Without including any images, output the listing below exactly.

Exercise materials ▸
+++++

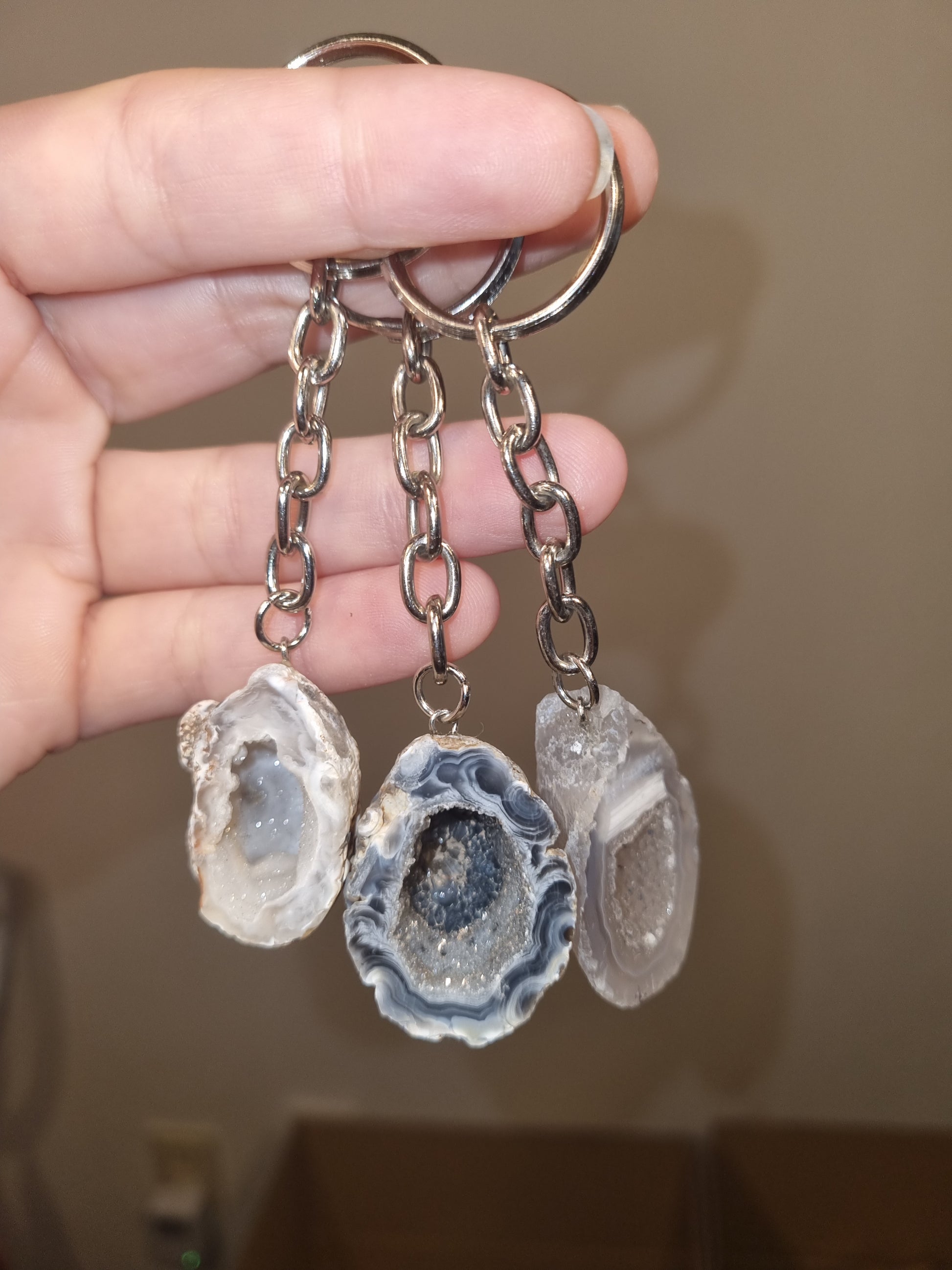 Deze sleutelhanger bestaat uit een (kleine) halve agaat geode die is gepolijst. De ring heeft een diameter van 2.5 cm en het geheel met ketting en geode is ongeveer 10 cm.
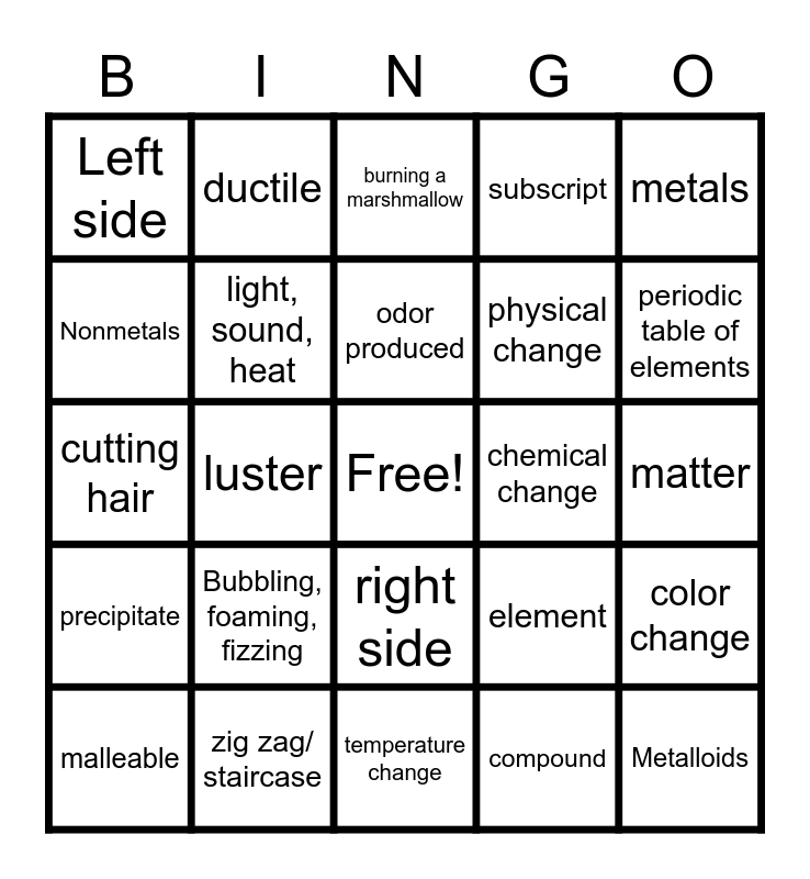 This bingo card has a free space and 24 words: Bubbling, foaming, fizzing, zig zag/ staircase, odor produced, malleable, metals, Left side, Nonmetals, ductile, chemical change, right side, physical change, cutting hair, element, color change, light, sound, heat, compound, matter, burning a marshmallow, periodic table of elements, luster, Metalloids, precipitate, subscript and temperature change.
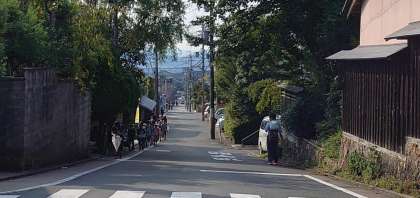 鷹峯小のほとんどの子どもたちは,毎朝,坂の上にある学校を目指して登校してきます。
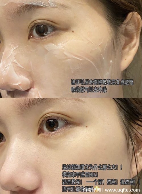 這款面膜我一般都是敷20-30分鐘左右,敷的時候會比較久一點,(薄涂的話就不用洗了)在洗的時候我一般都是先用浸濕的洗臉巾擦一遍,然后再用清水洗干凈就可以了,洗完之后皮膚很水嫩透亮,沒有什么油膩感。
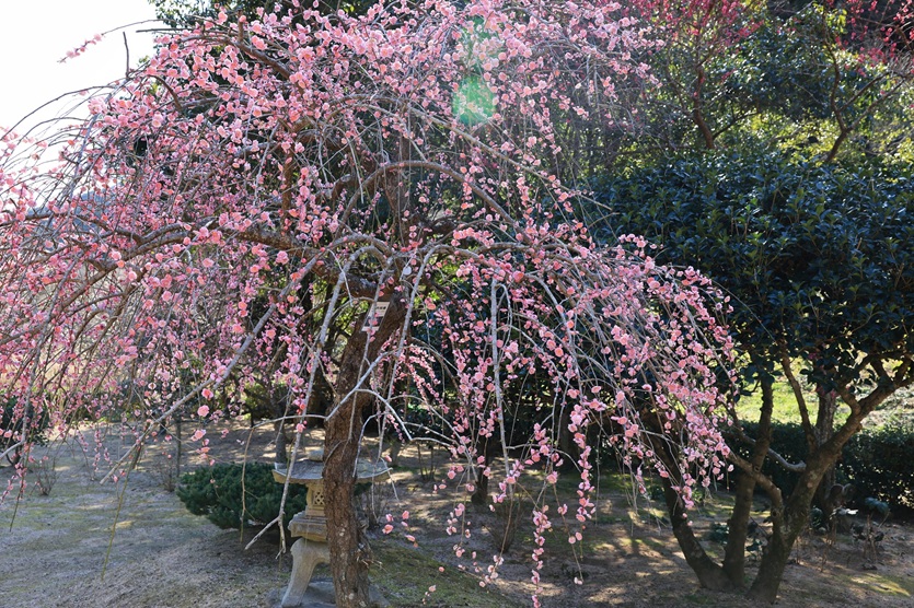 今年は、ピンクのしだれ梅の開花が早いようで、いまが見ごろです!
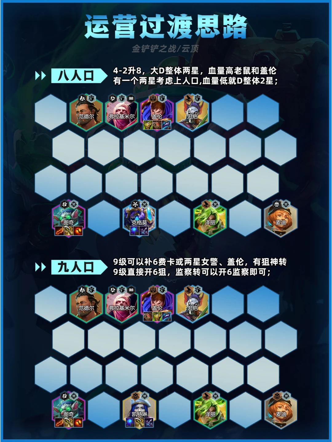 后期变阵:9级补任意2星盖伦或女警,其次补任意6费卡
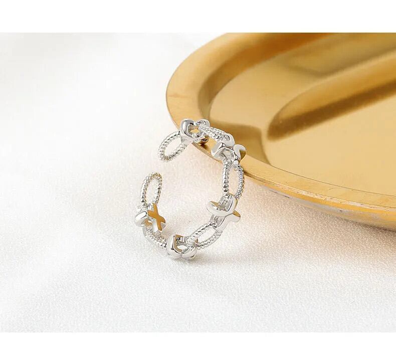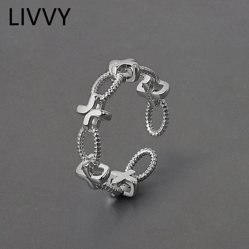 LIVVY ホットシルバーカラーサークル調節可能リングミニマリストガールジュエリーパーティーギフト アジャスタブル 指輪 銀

+++++

Expected answer ▸
 Deze sleutelhanger bestaat uit een (kleine) halve agaat geode die is gepolijst. De ring heeft een diameter van 2.5 cm en het geheel met ketting en geode is ongeveer 10 cm.
 This bingo card has a free space and 24 words: Bubbling, foaming, fizzing, zig zag/ staircase, odor produced, malleable, metals, Left side, Nonmetals, ductile, chemical change, right side, physical change, cutting hair, element, color change, light, sound, heat, compound, matter, burning a marshmallow, periodic table of elements, luster, Metalloids, precipitate, subscript and temperature change.
 鷹峯小のほとんどの子どもたちは,毎朝,坂の上にある学校を目指して登校してきます。
 這款面膜我一般都是敷20-30分鐘左右,敷的時候會比較久一點,(薄涂的話就不用洗了)在洗的時候我一般都是先用浸濕的洗臉巾擦一遍,然后再用清水洗干凈就可以了,洗完之后皮膚很水嫩透亮,沒有什么油膩感。
 今年は、ピンクのしだれ梅の開花が早いようで、いまが見ごろです!
 后期变阵:9级补任意2星盖伦或女警,其次补任意6费卡
 LIVVY ホットシルバーカラーサークル調節可能リングミニマリストガールジュエリーパーティーギフト アジャスタブル 指輪 銀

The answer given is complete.